2013 Q9 September Exam

[Darragh Kelly]

Hi,

I'm a little confused for part (iv) of the 2013 Q9 September exam paper.
I follow the solution regarding finding the investors holding's of the put on stock, based on the criteria that the portfolio needs to be delta and gamma hedged.

What I can't get my head around is the value of the portfolio - am I correct in saying it's equal to the 100,000 call options*price of calls + cash from short selling 100,000 units of stock + cash from short selling the put options?

OR

Does the value of the derivative you've hedged not always have to equal the value of the hedging portfolio you've setup? ie 100,000*2.401(ct) = -100,000*31.45(pt) - 100,000*117.89(St) (which don't equal). I calculated the price of the call option of 2.401 using the put-call-parity relationship. In other past exam paper questions, which were just required to be delta hedged, the second equation we always used to find the holdings was that the value of derivative we are hedging is equal to say the combination of cash and stocks (or puts and stocks in this case).

Little confused on above, and I know we weren't asked here for value just the new holdings of the put and stock.

Many thanks,

Darragh

 

[Steve Hales]

Hi
It is usually the case that when hedging a position we are required to match the value and the delta. However, in this case there are only two variables (the amount of cash and the number of put options) with which we need to set the delta and the gamma to zero. There aren't enough degrees of freedom to match the actual values as well.
The subtlety here is that if we were asked to replicate the behaviour of the call options (or indeed just to delta-hedge it) then we'd match the value and the delta. A delta- and gamma-hedge is concerned with the changes in the portfolio values rather than the absolute values themselves.
Specifically in this question we're concerned about the behaviour of 100,000 call options. The hedging portfolio needs to compensate the investor by whatever amount the call option position changes in value.

 

[Darragh Kelly]

Ok I get you regarding the degrees of freedom, it makes sense.

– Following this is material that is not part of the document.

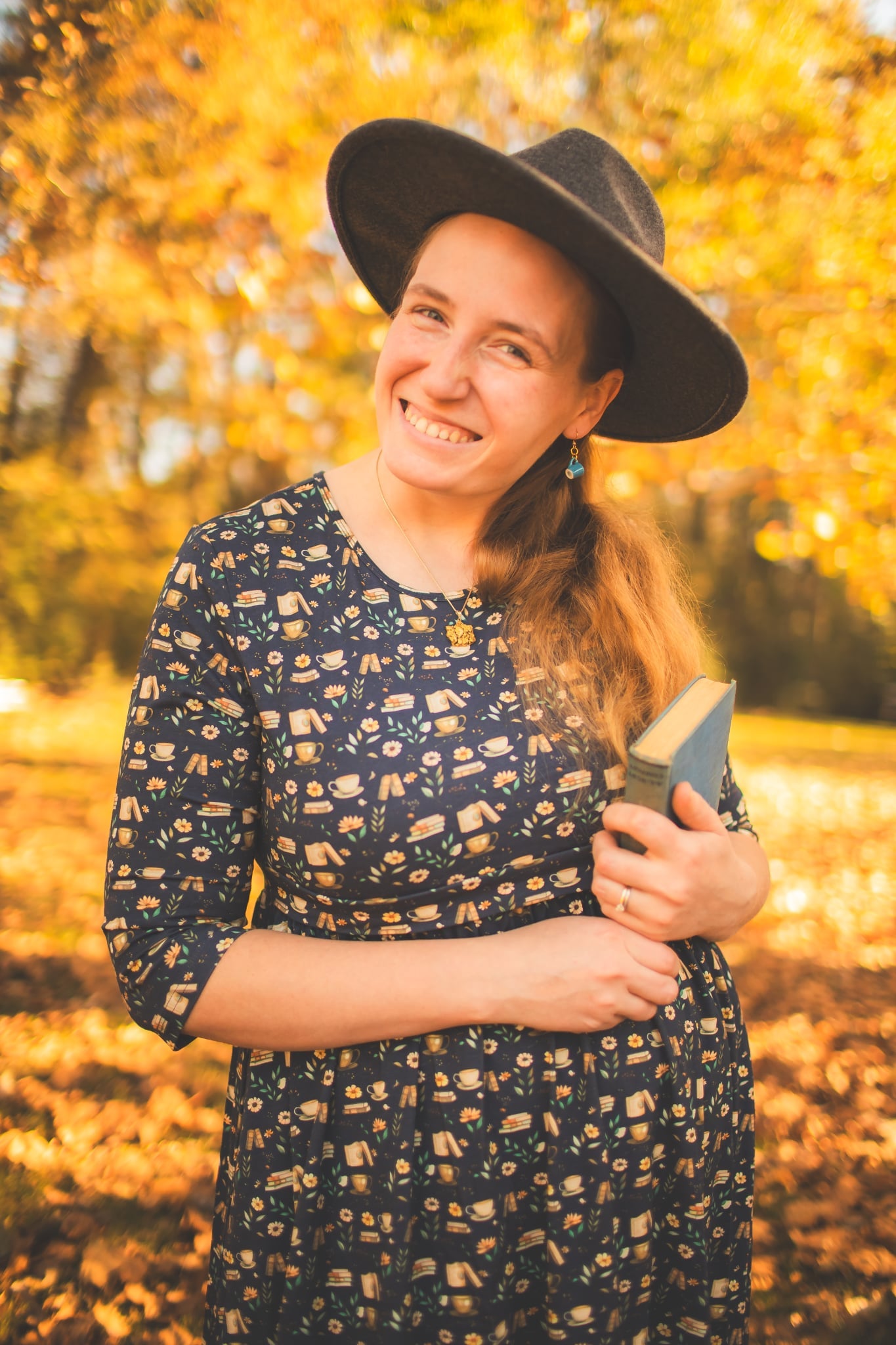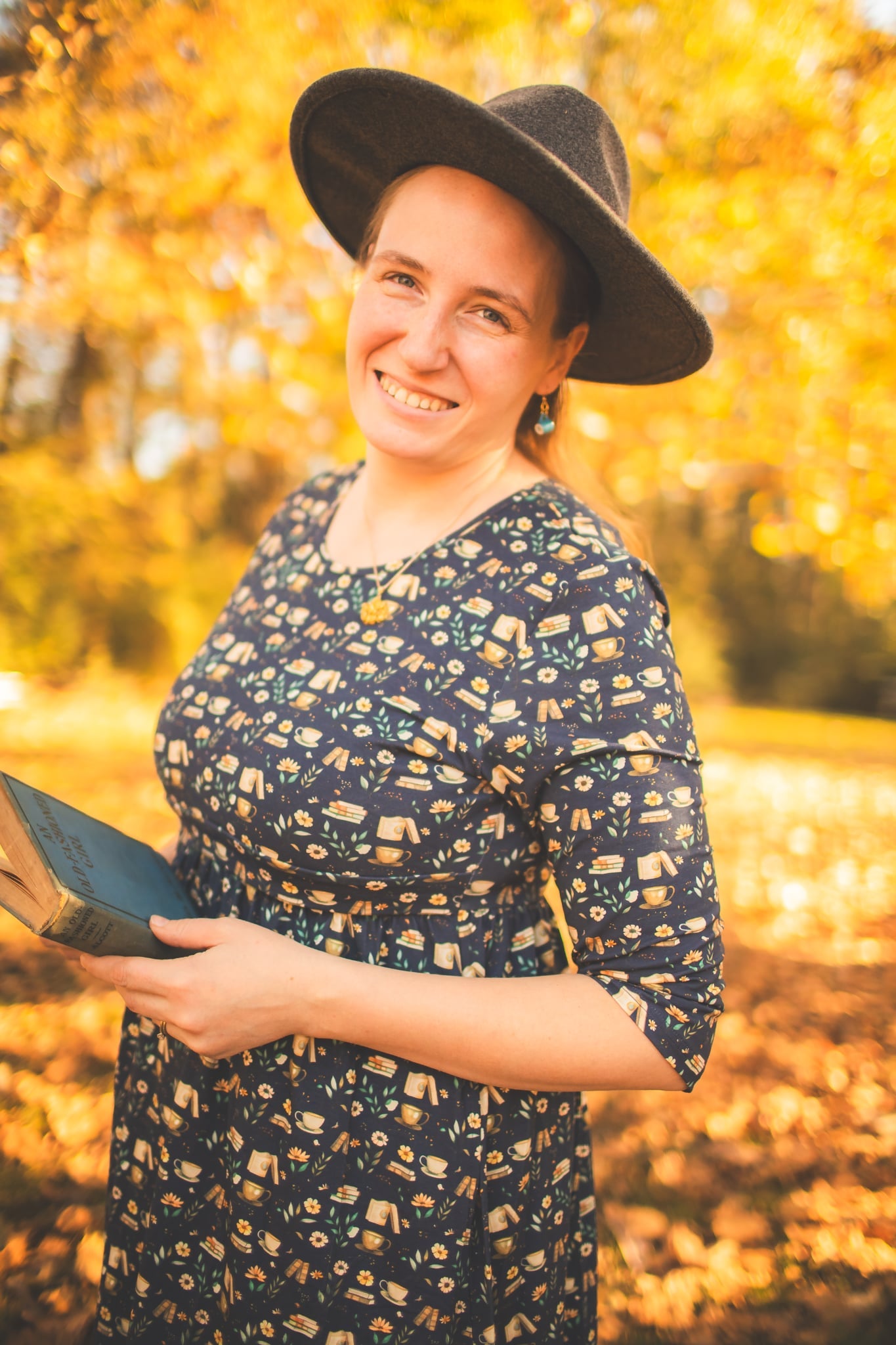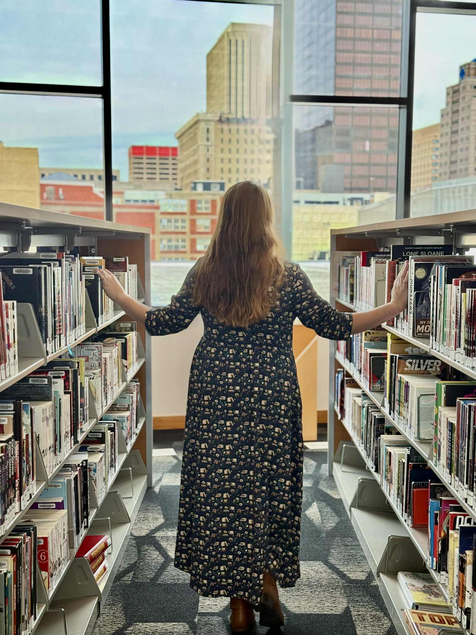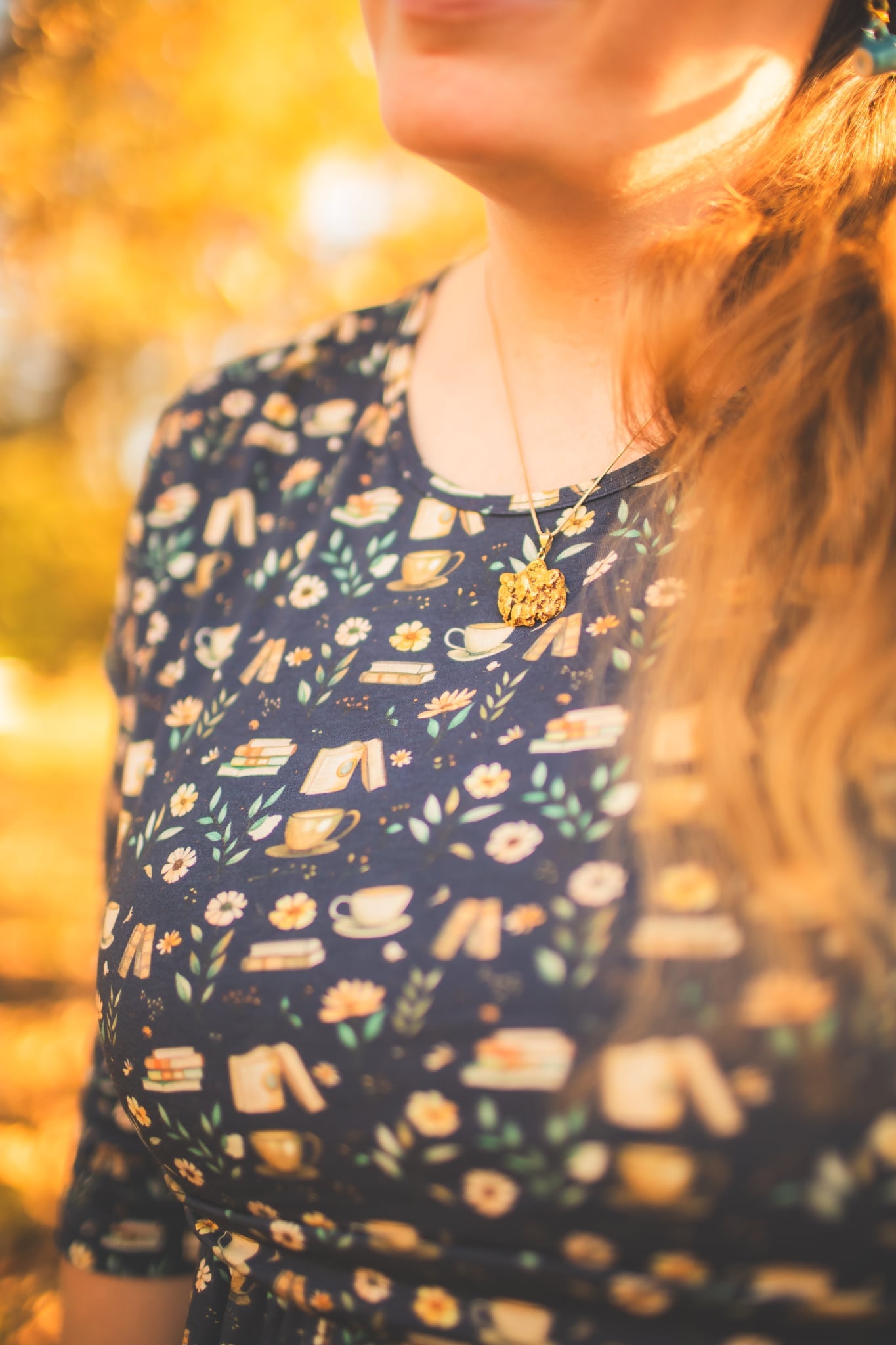 Blue Cotton "Novella" Book Print Homestead Nursing Friendly Dress

If you have another variable such as cash, then you could match the value too. Is that correct?

I did a calculation to understand what you said regarding the changes being hedged - if you increase the stock by 1 unit to 118.89 the total change in value of the put and shares = -18,673 and the total change in the call is +18,673, therefore we have hedged the call options (as they move in the opposite direction). And if the stock goes down by -1 unit to 116.89 the call options decrease in value by -18,673 and the put and shares increase to a total value of +18,673. Have I done this correctly?

Why is it here in this question, unlike questions where we replicated the behaviour of the call options (ie found the value and, ensured it was delta hedged), that the portfolio automatically moves in the opposite direction of the call option? For example we always in other questions where we replicated the value and delta hedged it, stated the end of the question 'in order to hedge the options we need to take opposite position in this portfolio to the position taken in the options'. Which is correct cause if you don't you just have a portfolio that replicates exactly the value of option but in order to hedge you take opposite position (as its the safety net). .
Many thanks,

 

[Steve Hales]

If you have another variable such as cash, then you could match the value too. Is that correct?

Yes, you could do that.

I did a calculation to understand what you said regarding the changes being hedged - if you increase the stock by 1 unit to 118.89 the total change in value of the put and shares = -18,673 and the total change in the call is +18,673, therefore we have hedged the call options (as they move in the opposite direction). And if the stock goes down by -1 unit to 116.89 the call options decrease in value by -18,673 and the put and shares increase to a total value of +18,673. Have I done this correctly?

Yes, that's how it works - nice numerical example!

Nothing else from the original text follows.